While the drawCanvas has to be the same size as the video element, the imageCanvas is never displayed and only sent to our API. This size can be reduced with the uploadWidth parameter at the beginning of our file to help reduce the amount of bandwidth needed and lower the processing requirements on the server. Just note, reducing the image might impact the recognition accuracy, especially if you go too small.

While we’re here we will also set some styles for our drawCanvas. I chose cyan but pick any color you want. Just make sure it has a lot of contrast with your video feed for good visibility.

toBlob conversion

//Save and send the first image
imageCtx.drawImage(v, 0, 0, v.videoWidth, v.videoHeight, 0, 0, uploadWidth, uploadWidth * (v.videoHeight / v.videoWidth));
imageCanvas.toBlob(postFile, 'image/jpeg');

}

After we have set our canvas sizes we need to figure out how to send the image. I was doing this a more complex way and then I saw Fippo’s grab() function at the last Kranky Geek WebRTC event, so I switched to the simple toBlob method. Once the image is converted to a blob we’ll send it to the next function we will create — postFile .

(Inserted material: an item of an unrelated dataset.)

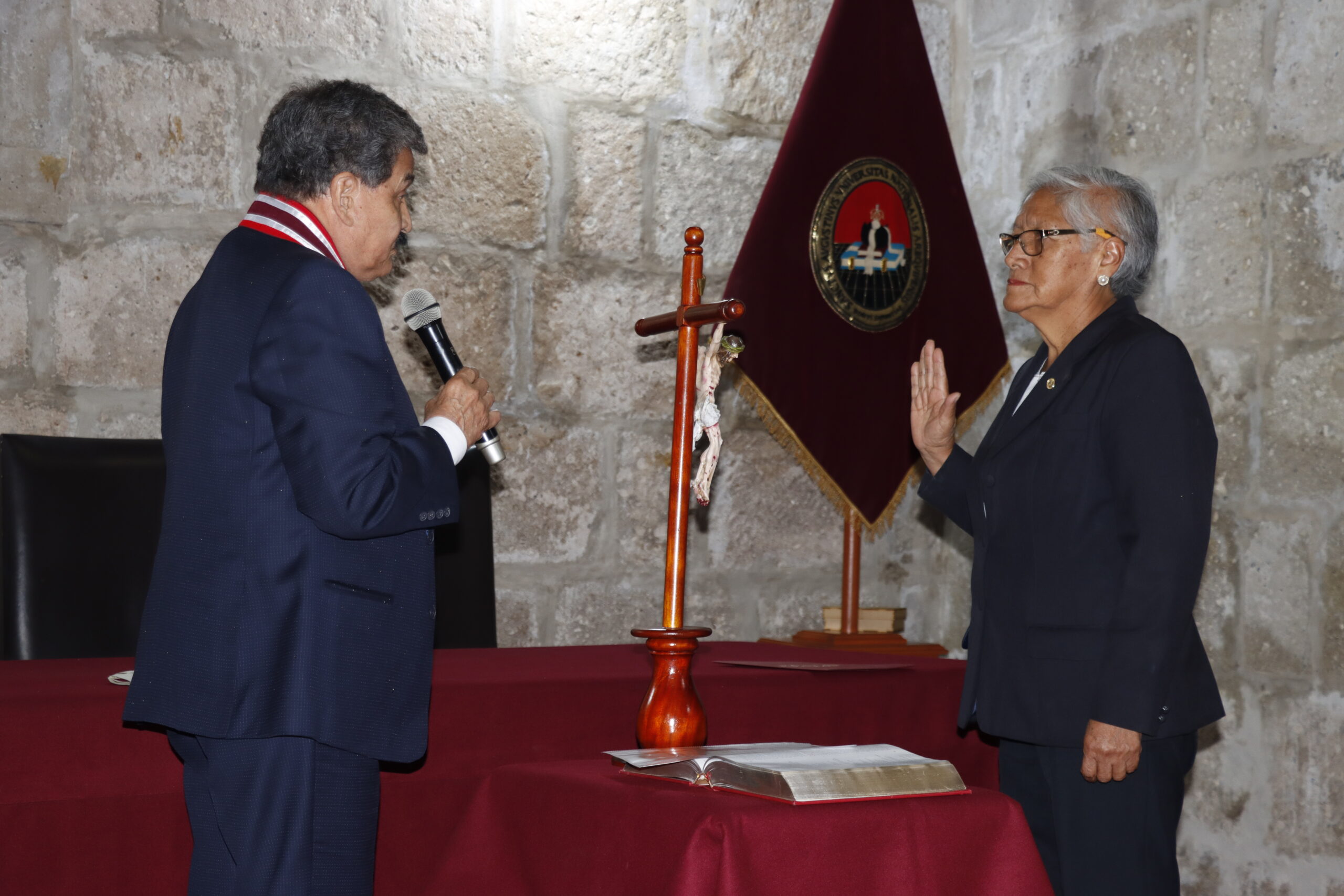 Fue el rector de la UNSA, Dr. Hugo Rojas Flores, el encargado de prestar juramento a la nueva presidenta del comité, la Mag. Felicitas Bina Ramírez de Ojeda, docente principal de la Facultad de Enfermería con más de 35 años de experiencia en la docencia universitaria.

Philipp Hancke (Fippo) showed how to grab WebRTC video frames from a canvas and upload them in his Kranky Geek 2017 NSFW — How to Filter Inappropriate Content from Real Time Video Streams video

One note — Edge does not seem to support the HTMLCanvasElement.toBlob method. It looks like you can use the polyfill recommended here or the msToBlob instead, but I have not had a chance to try either.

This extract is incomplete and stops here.